Model: "sequential_3"
_________________________________________________________________
 Layer (type)                Output Shape              Param #   
 dense_12 (Dense)            (None, 99)                13167     
                                                                 
 activation_12 (Activation)  (None, 99)                0         
                                                                 
 dense_13 (Dense)            (None, 74)                7400      
                                                                 
 activation_13 (Activation)  (None, 74)                0         
                                                                 
 dense_14 (Dense)            (None, 56)                4200      
                                                                 
 activation_14 (Activation)  (None, 56)                0         
                                                                 
 dense_15 (Dense)            (None, 42)               

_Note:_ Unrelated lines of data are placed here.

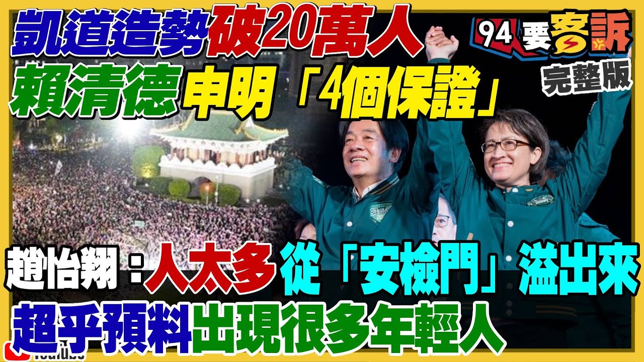凱道造勢破20萬人!賴清德申明「4個保證」!蔡英文要選民再信他一次挺賴!馬英九被國民黨拒上選前之夜!柯文哲想要選後綠白聯合政府?搶救義川大兵+苗博雅衝高立委票【94要客訴】2024.01.12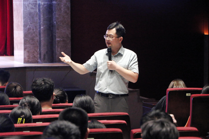 郭强老师从“大学的结构与发展战略”、“大学的学科与专业”等方面开始讲起,引导学生对大学和专业有基本的概念和认识。随后,郭强老师基于自身工作经验,将大学生涯形象生动的概括为“青春大一”、“阳光大二 ”、“宁静大三”、“沉淀大四”四个阶段,并指出每个阶段的努力方向。会议最后,郭强老师对同学们提出要求和期望,引导同学们在大学期间“增长知识、提升技能、启迪心智、练达人生”。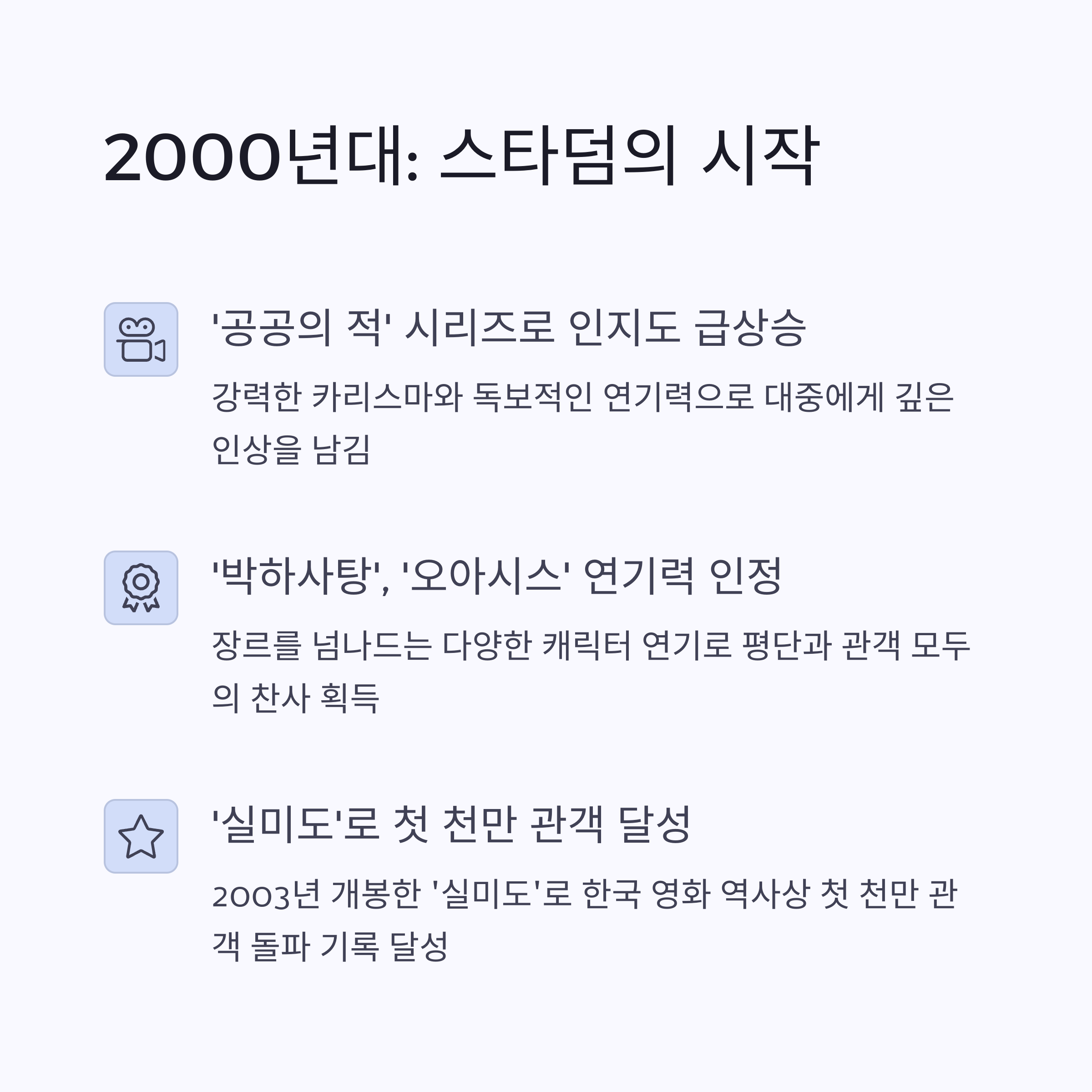 설경구는 1996년 영화 '꽃잎'을 통해 스크린에 데뷔했습니다. 이후 다양한 역할을 맡으며 탄탄한 연기력을 쌓아왔으며, 특히 2000년대 초반 '공공의 적' 시리즈를 통해 강렬한 카리스마를 선보이며 대중의 인정을 받았습니다. '공공의 적'에서 강철중 형사 역할을 맡아 현실적이면서도 강렬한 연기로 관객들에게 깊은 인상을 남겼으며, 이는 그의 대표적인 캐릭터 중 하나로 자리 잡았습니다.

After building the structure of the model, the model then needs to be compiled. In this compilation process, there are some parameters that need to be specified as well:

*   'adam' for the optimizer, which often used as a default optimizer, since it usually has faster computation time
*   'Sparse Categorical Cross Entropy' for the loss function, which calculates the crossentropy loss between labels and predictions
*   'accuracy' for the metrics, which calculates how often prediction equals labels


In [None]:
# Compiling the built model
model.compile(optimizer = 'adam',
              loss = keras.losses.SparseCategoricalCrossentropy(),
              metrics = ['accuracy'])

# Fitting the 'train' data into the model
model.fit(X_train, 
          y_train_num, 
          epochs = 5)

Epoch 1/5
Epoch 2/5
Epoch 3/5
Epoch 4/5
Epoch 5/5


<keras.callbacks.History at 0x7f5a5ea44e90>

####IIIc. Model testing and scoring

Now, let us try predicting the result of the 'test' datasets based on the model we have built.

In [None]:
# Predicting using the built model
modelpred = model.predict(X_test)

# Calculating the accuracy of the
acc = model.evaluate(X_test, y_test_num, steps = 5)



From the Artificial Network Neural model that we have build, we have successfully predicted the outcome of the 'test' datasets in 100% accuracy.